## Task item
Set down each entry exactly as given; pictures should not appear in the copy.

● ● ● ● ●

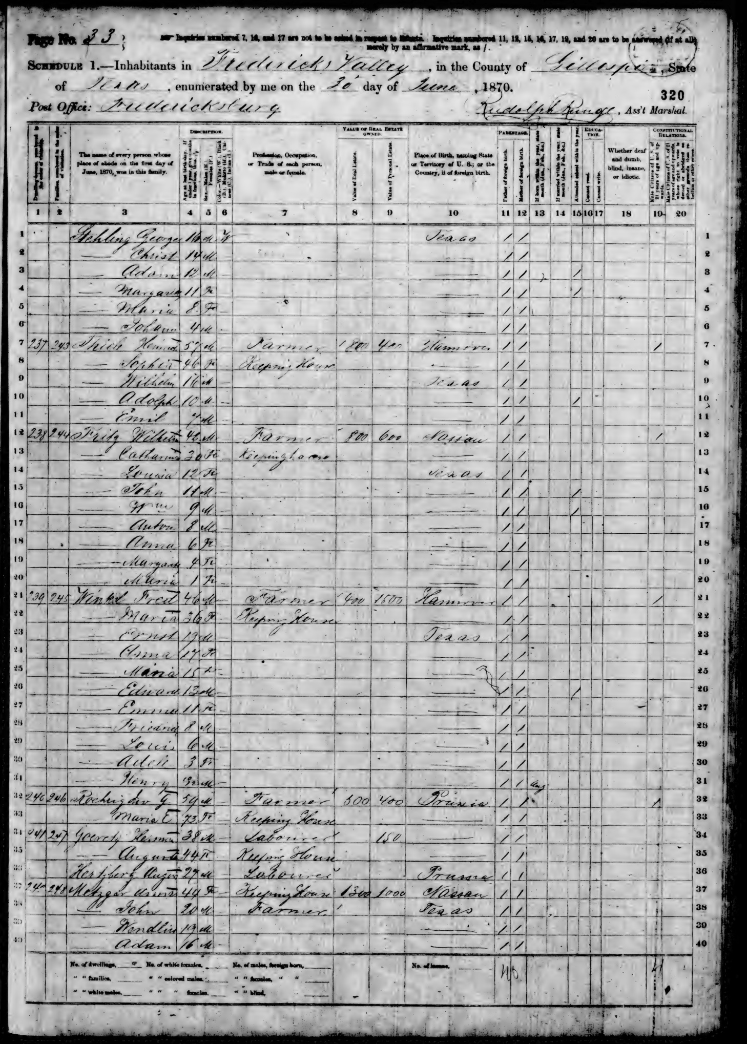 Ancestry.com Operations, Inc., 1870 United States Census, Frederick Valley, Gillespie, TX, page 33, dwelling 238, family 244, line 14, Fritz, Louisa; Database and images, Ancestry.com LLC, Ancestry.com : 2009 (http://www.Ancestry.com/ : accessed 01/02/2025); citing Ninth Census of the United States, 1870 U. S. Census, population schedules, National Archives and Records Administration Microfilm Publication M593 (1761 rolls), Records of the Bureau of the Census, Record Group 29, National Archives, Washington, DC, roll 1587, image 36 [Surety: 3]. |
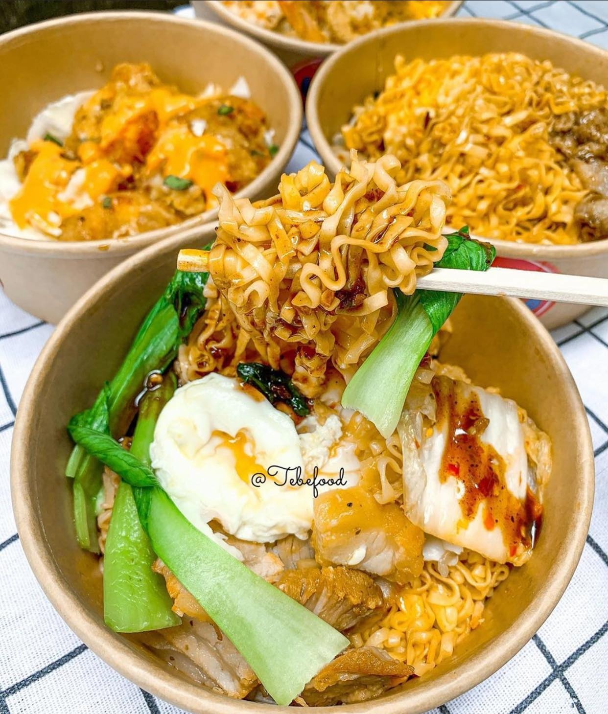 Mì bò cháy tỏi heo giòn gây ấn tượng với thực khách bởi phần thịt bò được ướp đậm đà. Rau cải xanh, trứng lòng đào và da heo chiên giòn cũng được kết hợp hài hòa trong món ăn. Bạn cũng có thể đổi vị với cơm hoàng kim xá xíu quyện trứng muối bùi béo. Món ăn được phục vụ kèm kim chi chua cay hứa hẹn giúp bạn thỏa mãn chiếc bụng đói ngày mưa. Ảnh: Citastyfood. |
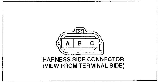 3. Verify there is no continuity between the TP sensor connector (vehicle side) terminal A and battery positive harness using an ohmmeter.
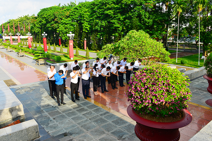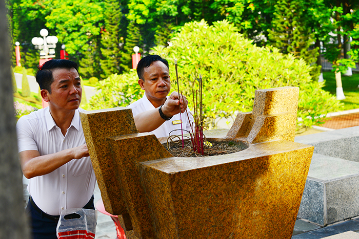 Trong không khí trang nghiêm, các đồng chí trong Đoàn đã thành kính dâng hoa, thắp hương trước lễ đài và dành một phút tưởng niệm để tỏ lòng biết ơn sâu sắc các Anh hùng liệt sỹ, đời đời nhớ ơn các Anh hùng, Liệt sĩ và các Bà mẹ Việt Nam anh hùng; nguyện đem hết sức mình xây dựng Trường Đại học hàng hải Việt Nam phát triển nhanh, bền vững, xứng đáng với danh hiệu trường đại học Anh hùng, trường trọng điểm quốc gia, góp phần quan trọng vào sự nghiệp trồng người, đào tạo nguồn nhân lực chất lượng cao cho đất nước và thành phố Hải Phòng; phấn đấu vì mục tiêu dân giàu, nước mạnh, dân chủ, công bằng văn minh.
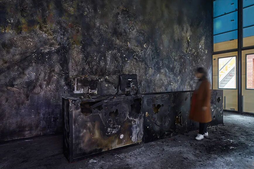 艺术的雕塑暗示了成语“房间里的大象”,暗示了人类对环境影响的深刻否认。以人类世为特征,今天人类对生态系统造成的灾难性影响在艺术家的作品中表现为一个自我中心的文明,无法自我批评,淹没在消费的深渊中,悲惨地走向崩溃。
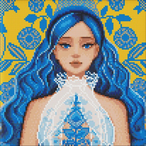 Алмазна мозаїка без підрамника "Витончена україночка" AMC7684 з АВ стразами 30х30 см
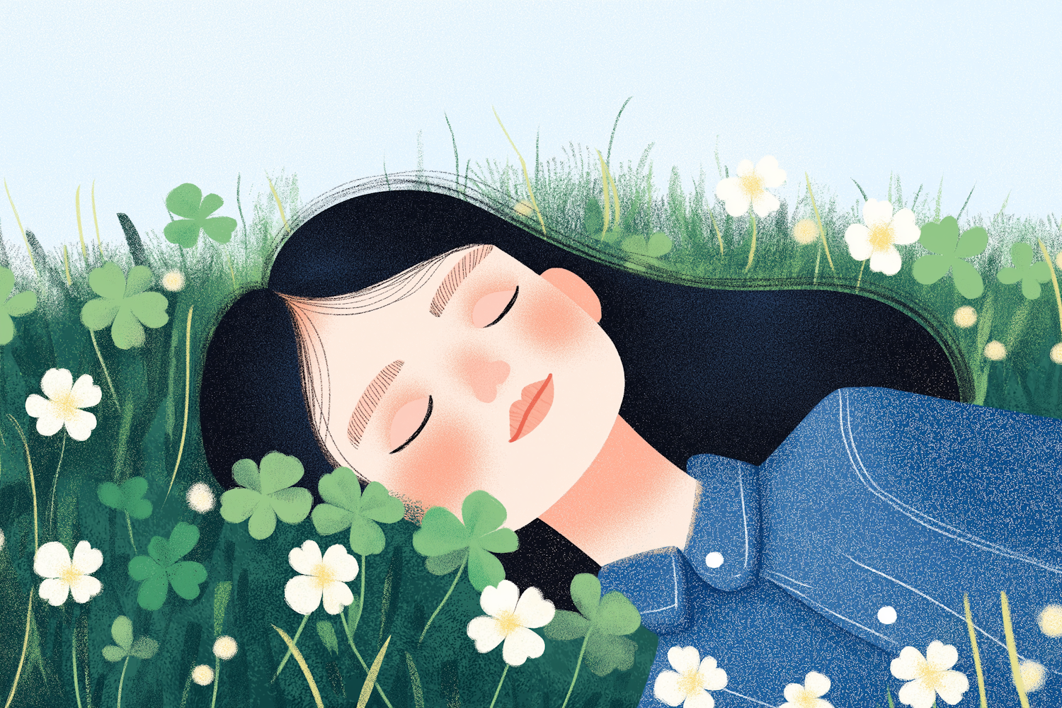 Peaceful illustration of a woman lying in a clover field, eyes closed, surrounded by lush greenery and white flowers. Tranquil and serene.

● ● ● ● ●

## Response area
 Ancestry.com Operations, Inc., 1870 United States Census, Frederick Valley, Gillespie, TX, page 33, dwelling 238, family 244, line 14, Fritz, Louisa; Database and images, Ancestry.com LLC, Ancestry.com : 2009 (http://www.Ancestry.com/ : accessed 01/02/2025); citing Ninth Census of the United States, 1870 U. S. Census, population schedules, National Archives and Records Administration Microfilm Publication M593 (1761 rolls), Records of the Bureau of the Census, Record Group 29, National Archives, Washington, DC, roll 1587, image 36 [Surety: 3]. |
 Mì bò cháy tỏi heo giòn gây ấn tượng với thực khách bởi phần thịt bò được ướp đậm đà. Rau cải xanh, trứng lòng đào và da heo chiên giòn cũng được kết hợp hài hòa trong món ăn. Bạn cũng có thể đổi vị với cơm hoàng kim xá xíu quyện trứng muối bùi béo. Món ăn được phục vụ kèm kim chi chua cay hứa hẹn giúp bạn thỏa mãn chiếc bụng đói ngày mưa. Ảnh: Citastyfood. |
 3. Verify there is no continuity between the TP sensor connector (vehicle side) terminal A and battery positive harness using an ohmmeter.
 Trong không khí trang nghiêm, các đồng chí trong Đoàn đã thành kính dâng hoa, thắp hương trước lễ đài và dành một phút tưởng niệm để tỏ lòng biết ơn sâu sắc các Anh hùng liệt sỹ, đời đời nhớ ơn các Anh hùng, Liệt sĩ và các Bà mẹ Việt Nam anh hùng; nguyện đem hết sức mình xây dựng Trường Đại học hàng hải Việt Nam phát triển nhanh, bền vững, xứng đáng với danh hiệu trường đại học Anh hùng, trường trọng điểm quốc gia, góp phần quan trọng vào sự nghiệp trồng người, đào tạo nguồn nhân lực chất lượng cao cho đất nước và thành phố Hải Phòng; phấn đấu vì mục tiêu dân giàu, nước mạnh, dân chủ, công bằng văn minh.
 艺术的雕塑暗示了成语“房间里的大象”,暗示了人类对环境影响的深刻否认。以人类世为特征,今天人类对生态系统造成的灾难性影响在艺术家的作品中表现为一个自我中心的文明,无法自我批评,淹没在消费的深渊中,悲惨地走向崩溃。
 Алмазна мозаїка без підрамника "Витончена україночка" AMC7684 з АВ стразами 30х30 см
 Peaceful illustration of a woman lying in a clover field, eyes closed, surrounded by lush greenery and white flowers. Tranquil and serene.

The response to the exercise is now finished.